Most CFOs working on behalf of organizations earning at least $1 billion annually use multiple systems to manage their source-to-pay cycles, and nearly 60% of firms earning between $10 billion and $20 billion each year rely on at least five accounts payable (AP) systems.
Why does this matter? Because multiple systems can mean multiple points of vulnerability. Each system represents a door to potential interoperability or incompatibility problems that can ultimately cause AP processes to grind to a halt.
And that is exactly what is happening. As PYMNTS Intelligence revealed in “60 CFOs Can’t Be Wrong … AI Can Help Accounts Payable” — a report based on surveys with 60 chief financial officers representing U.S. companies that generate more than $1 billion annually — nearly two-thirds of the CFOs surveyed say that their companies were impacted by a source-to-pay cycle interruptions in the past year, and, as a result, the CFOs experienced payment execution and authorization delays.
Meanwhile, data also shows that only 17% of enterprise firms run their source-to-pay cycle largely free of human involvement, meaning the remaining 83% rely on manual processes rather than and may benefit from an automated, single-source AP system.
Inefficiencies such as these — multiple AP systems, manual processes — are likely the reason CFOs are increasingly embracing artificial intelligence (AI) to streamline their processes. Granted, some CFOs appear to be slower to implement AI depending on their past experiences with automation, which disfavors those with a larger number of systems in their AP processes. Among those CFOs who say that accessing AI for source-to-pay systems was not at all or slightly important to them, they all have two or more different AP systems.
But overall, most CFOs surveyed — 78% — say their access to AI technology is very or extremely important. Only 5% say the AI automation they are now using to support their AP cycle is not at all or only slightly important.

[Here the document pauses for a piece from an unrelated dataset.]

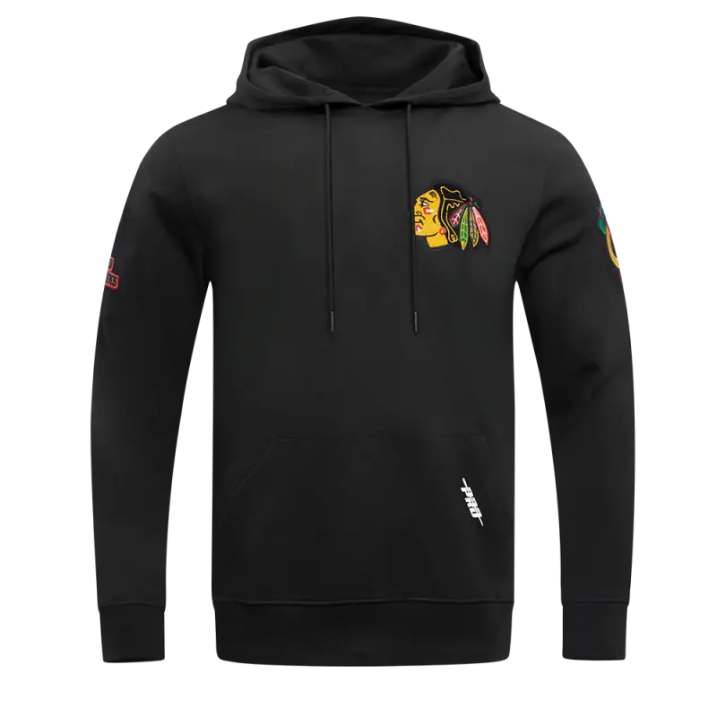 The Pro Standard Premium NHL Chicago Blackhawks Classic Chenille Men’s PO Hoodie (Black)

But AI is not only proving to be a preferred way for CFOs to manage their AP desks. Exclusive data that was not included in the report revealed that CFOs were deploying AI to improve a multitude of efficiencies across their organizations. As the figure above illustrates, 63% of CFOs say AI has reduced their need for lower-skill workers; however, the new technology may also require new skill sets. Fifty-eight percent of CFOs told us they need more analytically skilled employees.
As the figure below shows, personal needs vary depending on the complexity of the AI applications in use. Seventy-two percent of those with highly complex needs say their need for lower-skilled workers has dropped, while 76% of those using AI applications with medium complexities have had to increase their lower-skilled worker headcounts.
Despite the number of organizations already using AI, we are still on the front end of the AI revolution. The numbers findings from our report represent an early dispatch from that revolution. As applications for AI mature, the needs of all companies, large and small, will continue to evolve. However, one thing is clear: we are beginning to see the potential of AI.